If you thought comparing financial products presented some challenges, consider the car-rental game. Excesses, collision damage waivers, the fine print – there’s enough complexity in it to take the better part of a day to work out the best deal for the trip you want to take.
I thought the customer service standards of some fund managers also left something to be desired. But I’m pleased to say that here, too, the car-rental business makes funds management look good. It’s not so much the unexpected charges that are the problem – although they are bothersome – but the brick-wall nature of the ‘client service’ department, along with the big question marks about whom you’re dealing with when you contact it.
After a day of reading, surfing the ’net and making phone calls, followed by more calls, confusion, incorrect reservation details, even more phone calls and some more surfing, I rented a car. I won’t name the company, except to say you’ll find it quite near the beginning of the White Pages (if you remember what the White Pages are).
It was a great car and we had a great holiday, and dropped the car back at the appointed time and the appointed location. It all went well until I saw a charge on my credit card that bore no relationship to any estimate or quote that I’d seen up to that point. I approached the rental company to ask them to review the charge.
It’s a story I won’t bore you with here, but after some back and forth they declined to review the charge, naturally. However, the thing that caught my eye was a disclaimer at the foot of the emails from the company’s customer service consultant.
“IMPORTANT,” it read. “The contents of this message are in no way the opinion of or endorsed by [the company].”

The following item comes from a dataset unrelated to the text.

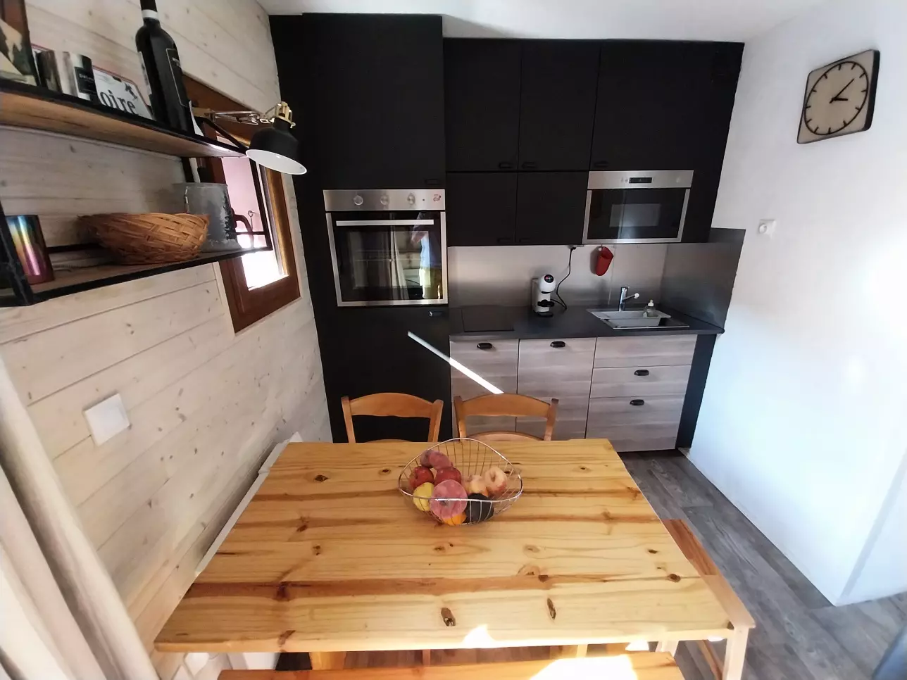 Kitchen area: oven, microwave, fridge/freezer, 2 induction hobs, dishwasher

I didn’t know what that meant. Who was on the other end of these emails, if not the car-rental company? Was it some sort of freelance customer service team? A maverick team detached from any actual corporate body, kind of roaming cyberspace, seeking disgruntled customers to disappoint? That certainly sounded exciting – a bit like Robert De Niro’s rogue heating engineer in Brazil. (“I came into this game for the action, the excitement. Go anywhere, travel light, get in, get out, wherever there’s trouble. A man alone.”)
When I get overcharged for something, and a refund or review is declined, I demand some sort of entertainment as compensation. I derive entertainment from trying to waste an amount of executive time at least equivalent to what I’m being overcharged.

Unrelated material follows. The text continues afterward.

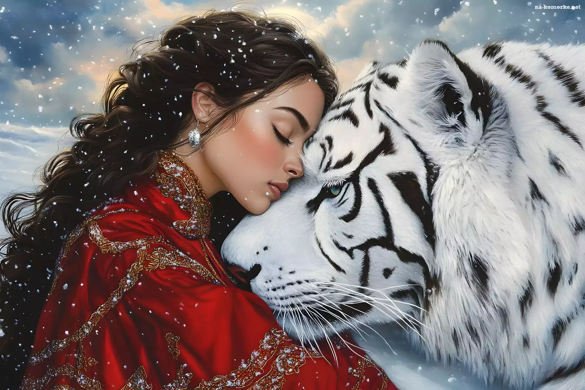 Biały, Dziewczyna, Tygrys, Grafika, Czerwona, Suknia na Komórkę

So I thanked them for making it easier for me to decide which car-rental company to use next time. And I asked the customer service representative to let me know on whose authority and on whose behalf they were speaking and acting, if what they’d told me was “in no way the opinion of or endorsed by” the company.

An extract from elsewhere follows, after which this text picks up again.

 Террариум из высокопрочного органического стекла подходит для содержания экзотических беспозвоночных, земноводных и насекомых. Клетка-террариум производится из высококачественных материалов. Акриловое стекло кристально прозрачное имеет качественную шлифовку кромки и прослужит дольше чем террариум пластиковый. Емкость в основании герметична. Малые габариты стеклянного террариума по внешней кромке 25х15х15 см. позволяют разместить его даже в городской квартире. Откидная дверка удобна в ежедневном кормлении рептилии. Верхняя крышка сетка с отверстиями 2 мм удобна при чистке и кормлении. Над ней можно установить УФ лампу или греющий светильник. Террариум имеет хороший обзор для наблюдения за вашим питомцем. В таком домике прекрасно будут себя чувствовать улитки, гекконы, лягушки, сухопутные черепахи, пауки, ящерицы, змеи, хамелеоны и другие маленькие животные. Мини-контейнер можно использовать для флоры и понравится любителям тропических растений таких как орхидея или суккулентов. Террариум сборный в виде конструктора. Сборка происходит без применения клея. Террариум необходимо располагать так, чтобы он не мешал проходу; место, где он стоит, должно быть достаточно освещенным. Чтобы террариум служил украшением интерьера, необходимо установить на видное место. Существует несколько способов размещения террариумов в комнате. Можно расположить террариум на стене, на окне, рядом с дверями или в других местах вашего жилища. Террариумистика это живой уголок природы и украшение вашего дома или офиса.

Several weeks passed, with no reply. I thought that was the end of it, until an email popped up from my customer service representative, stating: “Please know that that statement, which has since been removed from outgoing responses, bothered me as well. After careful review, management has removed that from the signature. I assure you that I am an employee of [the company], acting on behalf of [the company] when responding to your email.”
I like to think that the time it took to raise this issue internally, bring it to management’s attention, convene meetings between management and (hopefully eye-wateringly expensive) lawyers, devise a policy and then roll it out across their customer service operations cost [the company] significantly more than the amount I thought I was overcharged for my rental.
As a rental-car consumer, this incident has been less than satisfactory for me. But as a source of light entertainment, the experience has been well worth the price of admission.